Car was driven inside and then dried with the Black Baron Dryer ( powerful tool that really works 4HP ):doublesho

Scholl Concepts S3 Gold and S40 polishers were used on this car with rotary and da to enhance the gloss and depth .

Roof before









Roof after









Note the haziness of the bonnet 









And after









Before









After


















LSP of choice 









These are the results after three days work !

Please enjoy !





































This is as good as it gets considering we are in winter ( short days )


















Because of the colour of this car it was very hard to capture those paint defects which with the naked eye it was a different story ( what the eye sees the camera doesn't 



























































































Thanks for reading I hope you have enjoyed my write up !

Best Regards

Mario*

*Coming up next Maserati Grand Sport*


----------



## JBirchy (Oct 9, 2010)

Looks fabulous! Love this shape 5-series!


----------



## DMH-01 (Mar 29, 2011)

Cracking job mate.


----------



## ClioToby (Oct 22, 2009)




----------



## Hoppo32 (Nov 18, 2008)

Hi Mario, nothing less than perfection as usual :thumb:
How do you rate the Opti-Coat and was it the V2 version thats easier to use?
I'm very interested in this sealant and reckon it could be very popular soon due to it's durability.


----------



## tonyy (Jul 26, 2008)

Fantastic work..


----------



## Eurogloss (Jan 22, 2008)

JBirchy said:


> Looks fabulous! Love this shape 5-series!


Thanks JBirchy,

Yes, I love this shape as well !

Mario


----------



## Eurogloss (Jan 22, 2008)

DMH-01 said:


> Cracking job mate.


Thanks buddy , much appreciated :thumb:

Mario


----------



## Eurogloss (Jan 22, 2008)

ClioToby said:


>


Couldn't stop laughing enough mate :thumb:
Down Under:lol:
That's a good one 

Mario


----------



## Eurogloss (Jan 22, 2008)

Hoppo32 said:


> Hi Mario, nothing less than perfection as usual :thumb:
> How do you rate the Opti-Coat and was it the V2 version thats easier to use?
> I'm very interested in this sealant and reckon it could be very popular soon due to it's durability.


*
Thanks mate :thumb:

I rate the Opti-Coat very highly this is the Professional version and it needs a lot of training that's because it dries in seconds! It will dry in 30 minutes and if you stuff up you have to remove it by wet sanding or paint correction :wall:

It will bond completely in 12 hours !

It is not a sealant as sealants will wear off this coating won't , it will not wash off with time , it will not delaminate it will add 2 microns to your existing clear coat finish , plus scratch resistance of up to 9H !

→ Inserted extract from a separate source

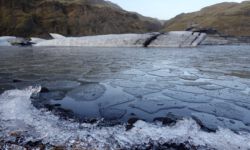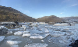 Wir fahren weiter durch die bizarre Landschaft. Links und rechts der endlos erscheinenden Straße finden sich Grassteppen, Lavagestein mit und ohne Moos, Islandponys, Berge mit und ohne Schnee, dicke Wollschafe, Flüsse und Bäche mit und ohne Eis, Aschewüsten, und Gletscher. Der näxte Halt ist am Naturreservat Skaftafell. Da gibt es einen Wasserfall, Svartifoss (schwarzer Wasserfall) und den Gletscher Skaftafell. Beide liegen weit auseinander, wir laufen daher nur zum Gletscher, wer weiß, wie lange es ihn noch gibt. Dort liegen wieder dicke Eisbrocken im Wasser, die weiß und blau schimmern. Das sieht vor der Bergkulisse wirklich grandios aus.

The V2 version will give you more work time but it still needs to be removed well otherwise you will end up with uneven coverage and that's why I apply two coats on all the jobs that I do .

An update of my Mercedes Benz 115CDI Vito will follow up shortly .
Sneak preview of my van after one year !









Best Regards

Mario*


----------



## Eurogloss (Jan 22, 2008)

Thanks guys for all your kind comments !

Best Regards

Mario


----------



## spiros (Mar 30, 2010)

Great work Mario as usual.wow did you find the led in white?compared to megahilight?It worth its money?


----------



## Eurogloss (Jan 22, 2008)

spiros said:


> Great work Mario as usual.wow did you find the led in white?compared to megahilight?It worth its money?


*Thanks Spiros ,

The Led is superior IMHO compared to MH Light !
Please read my review to find out more information .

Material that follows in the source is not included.